* TASK TO CARRY OUT *
Leaving out all pictures, write out word for word the lines from the one containing "Una base de" to the end of the data below.

** Opening ENTRIES SUPPLIED block **

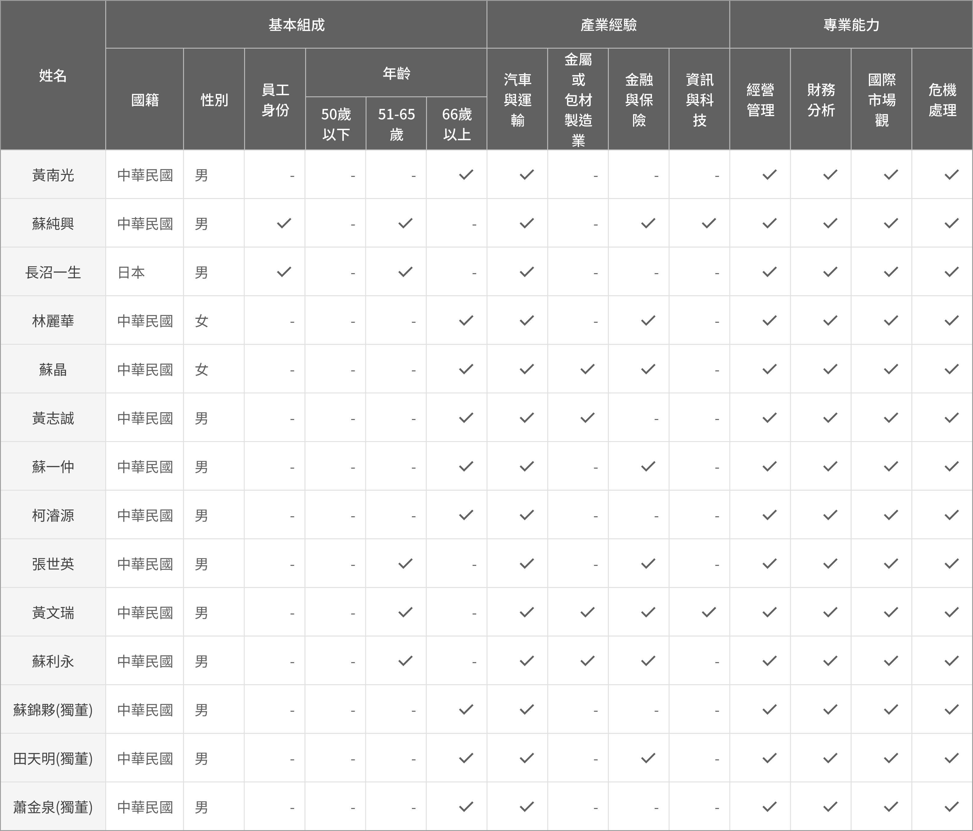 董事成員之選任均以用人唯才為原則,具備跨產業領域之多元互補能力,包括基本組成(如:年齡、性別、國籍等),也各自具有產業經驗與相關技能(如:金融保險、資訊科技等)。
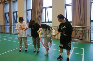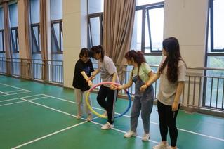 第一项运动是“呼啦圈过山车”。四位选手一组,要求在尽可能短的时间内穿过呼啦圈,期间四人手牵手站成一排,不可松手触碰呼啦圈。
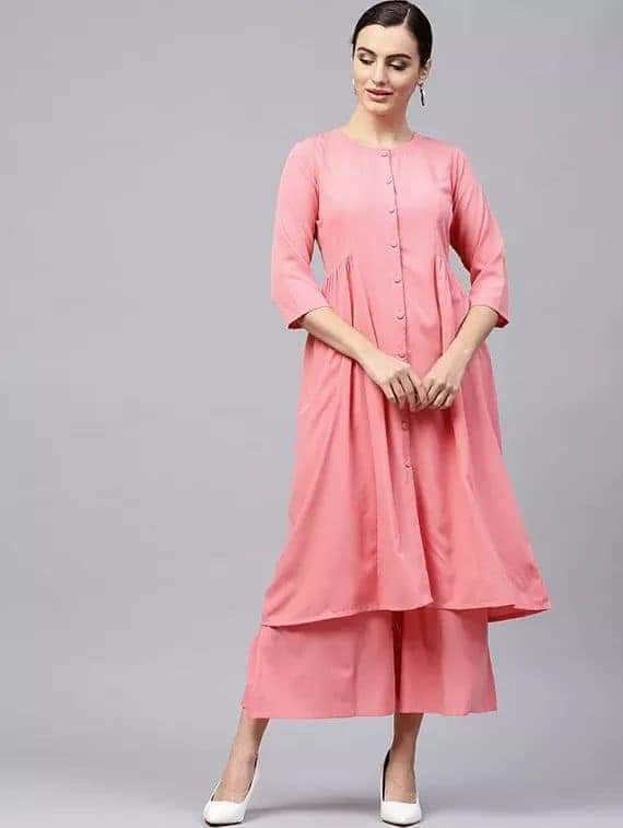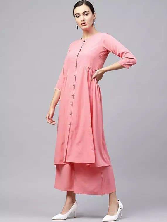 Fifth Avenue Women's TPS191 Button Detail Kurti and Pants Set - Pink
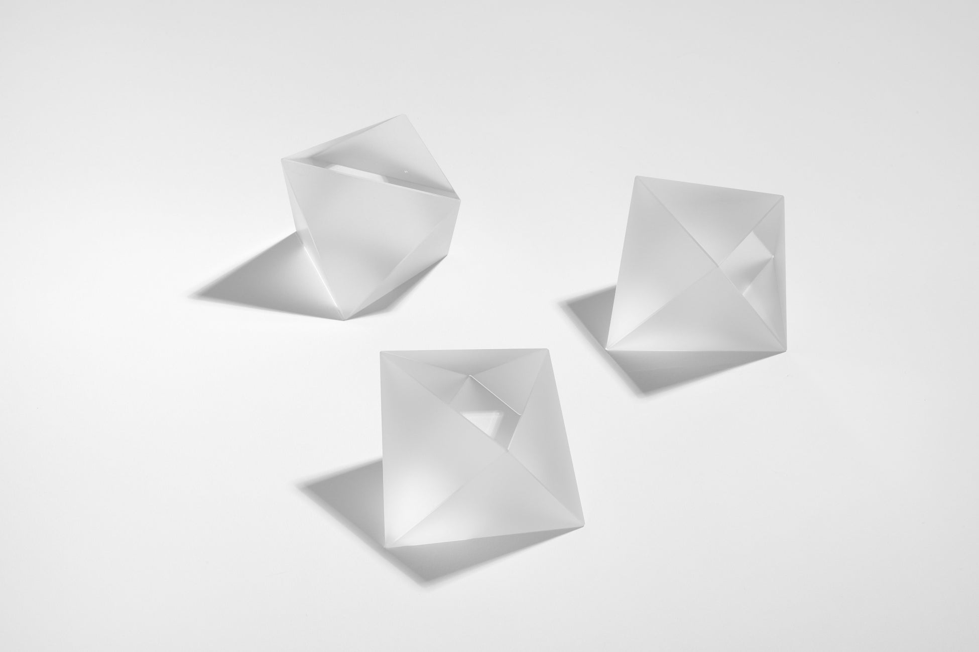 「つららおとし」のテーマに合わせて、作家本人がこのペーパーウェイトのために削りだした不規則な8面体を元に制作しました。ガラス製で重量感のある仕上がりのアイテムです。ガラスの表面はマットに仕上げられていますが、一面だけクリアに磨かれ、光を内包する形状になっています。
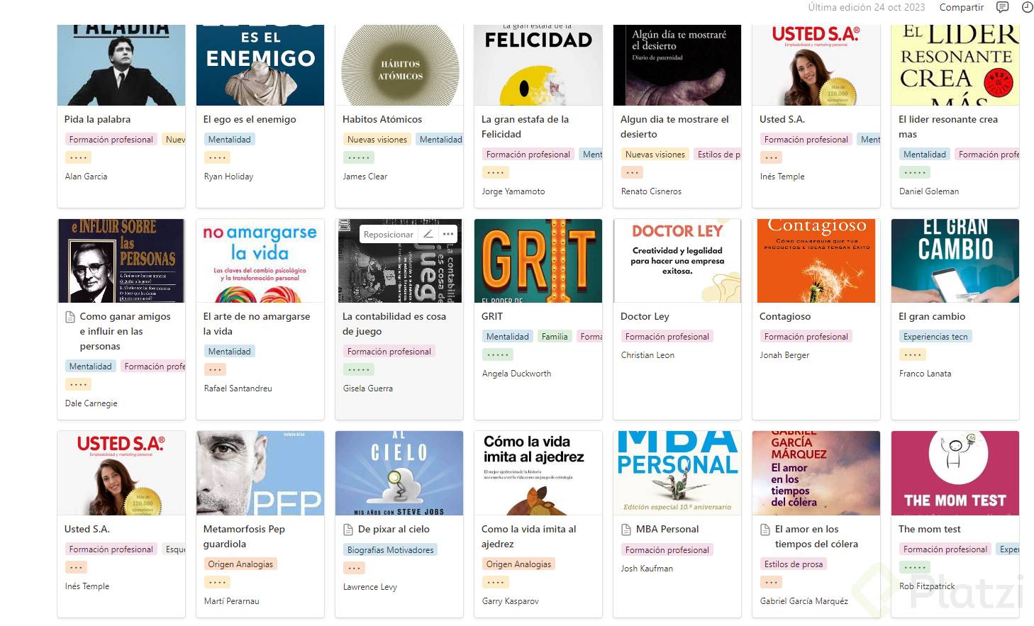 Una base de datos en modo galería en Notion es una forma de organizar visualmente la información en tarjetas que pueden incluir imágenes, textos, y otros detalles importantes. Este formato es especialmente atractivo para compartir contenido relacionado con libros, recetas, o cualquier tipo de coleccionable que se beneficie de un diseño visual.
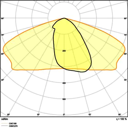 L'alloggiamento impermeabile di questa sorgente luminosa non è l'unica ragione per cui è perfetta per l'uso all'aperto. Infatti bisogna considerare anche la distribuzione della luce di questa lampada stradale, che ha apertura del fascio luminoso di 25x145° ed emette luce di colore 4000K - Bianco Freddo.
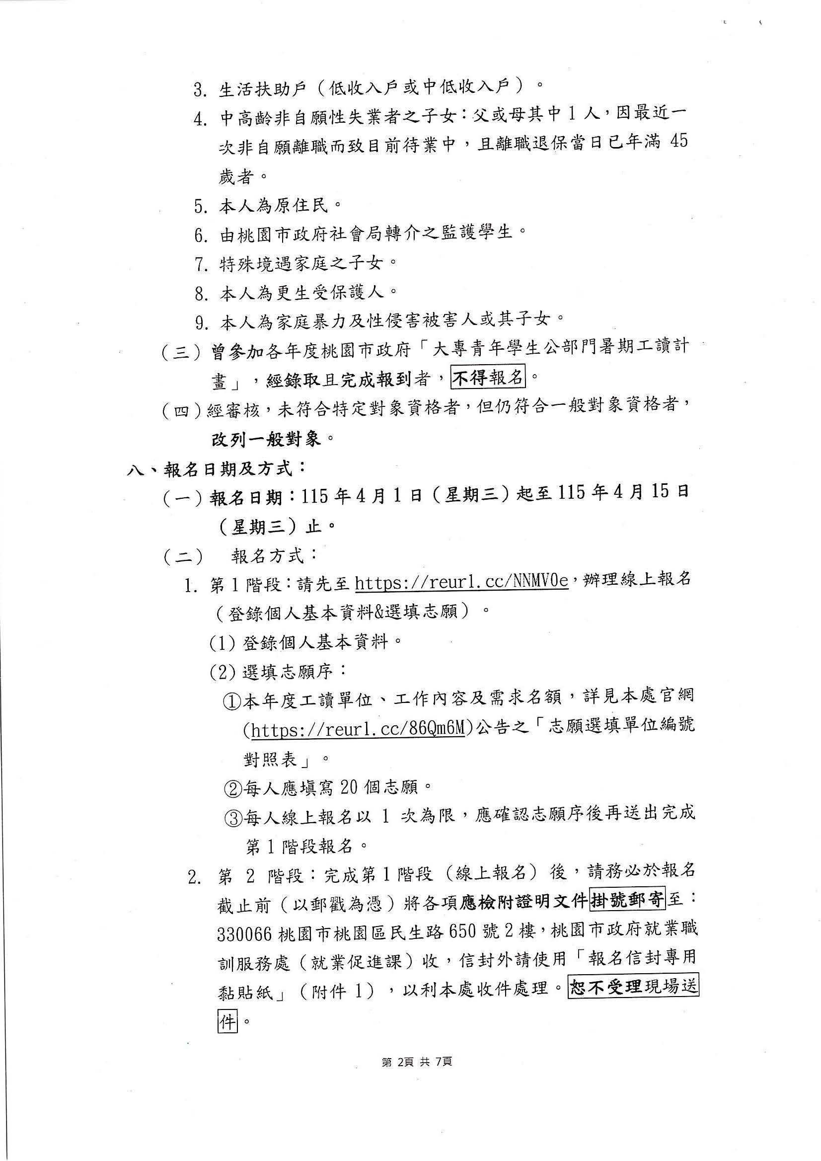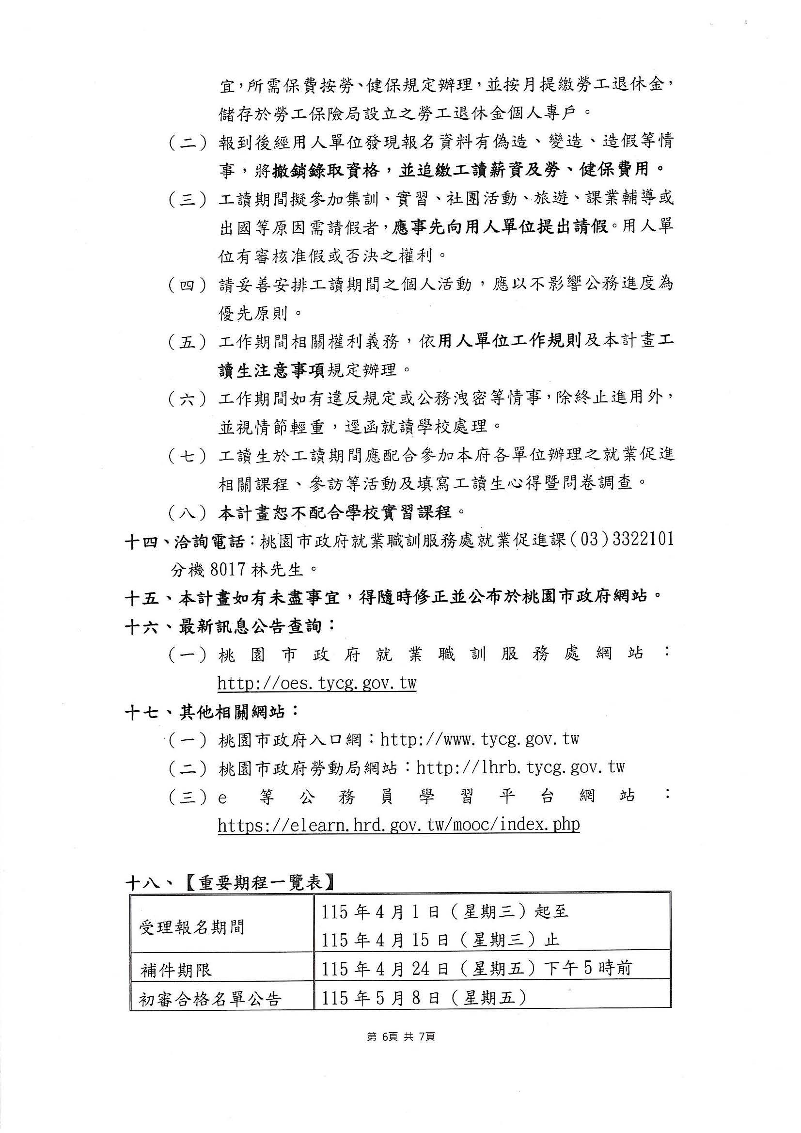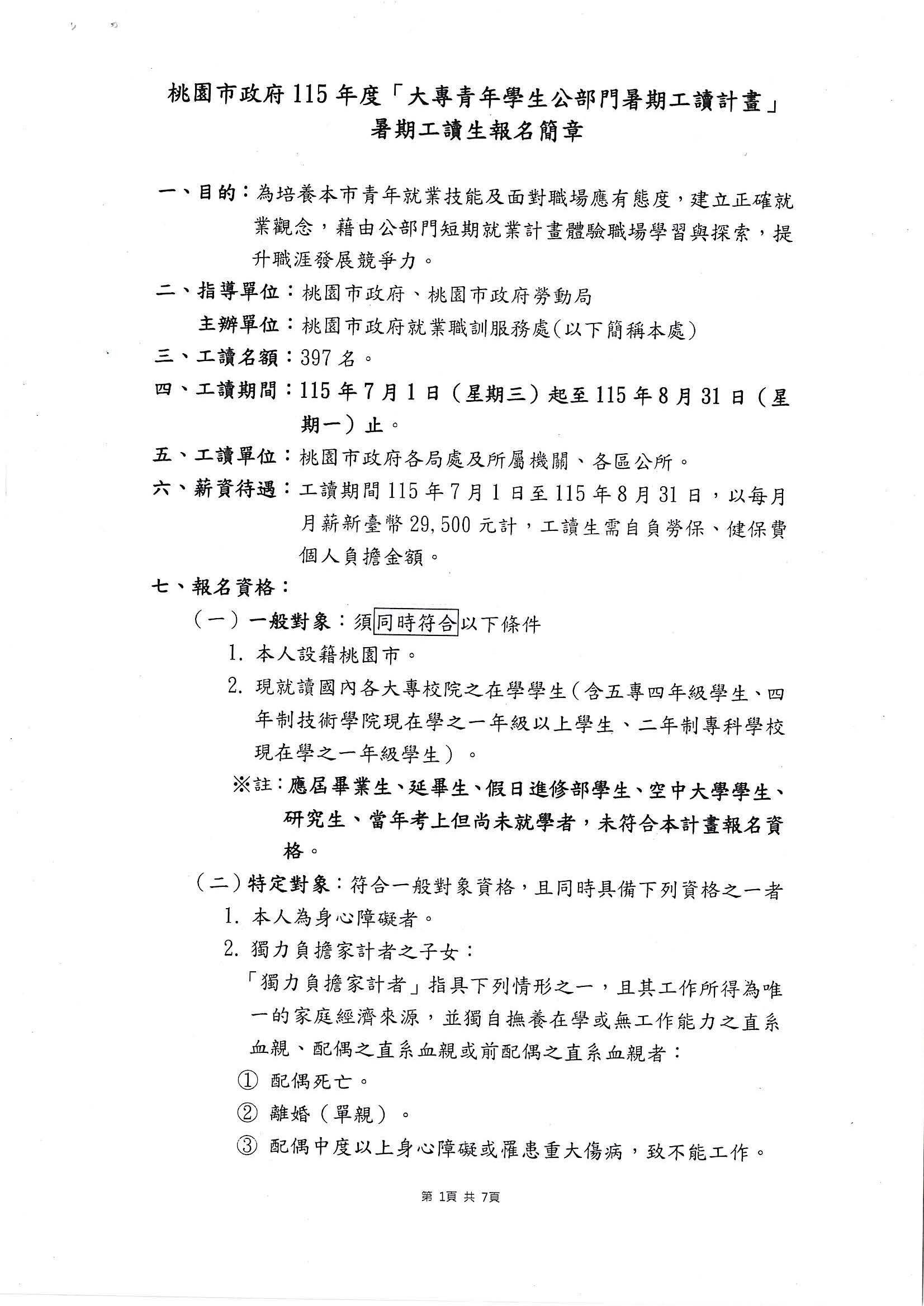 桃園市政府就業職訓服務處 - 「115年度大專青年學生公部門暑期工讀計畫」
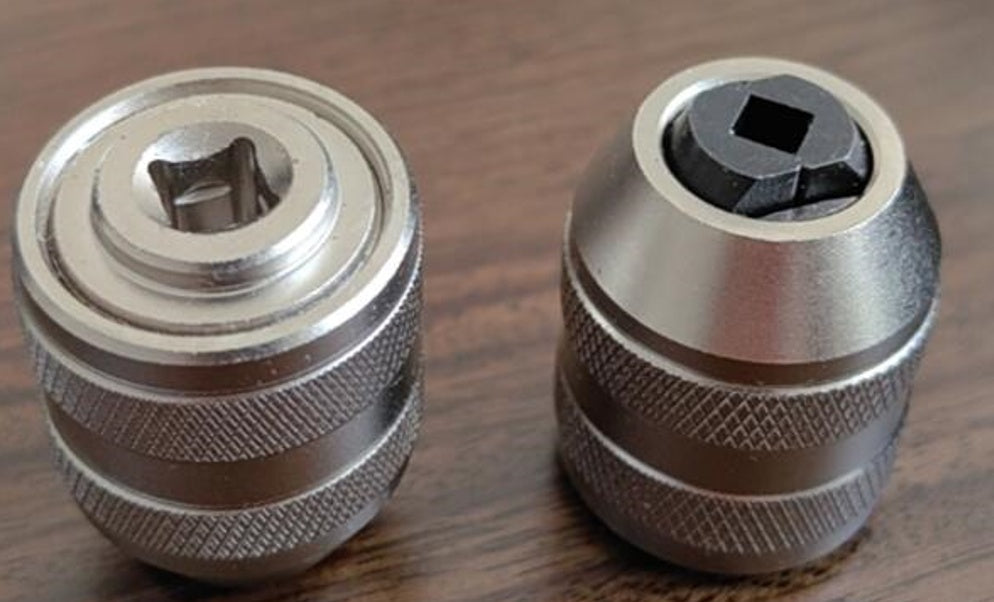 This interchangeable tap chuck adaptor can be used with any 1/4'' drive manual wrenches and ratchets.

** Closing ENTRIES SUPPLIED block **

* RESPONSE FOR THIS EXERCISE *
 Una base de datos en modo galería en Notion es una forma de organizar visualmente la información en tarjetas que pueden incluir imágenes, textos, y otros detalles importantes. Este formato es especialmente atractivo para compartir contenido relacionado con libros, recetas, o cualquier tipo de coleccionable que se beneficie de un diseño visual.
 L'alloggiamento impermeabile di questa sorgente luminosa non è l'unica ragione per cui è perfetta per l'uso all'aperto. Infatti bisogna considerare anche la distribuzione della luce di questa lampada stradale, che ha apertura del fascio luminoso di 25x145° ed emette luce di colore 4000K - Bianco Freddo.
 桃園市政府就業職訓服務處 - 「115年度大專青年學生公部門暑期工讀計畫」
 This interchangeable tap chuck adaptor can be used with any 1/4'' drive manual wrenches and ratchets.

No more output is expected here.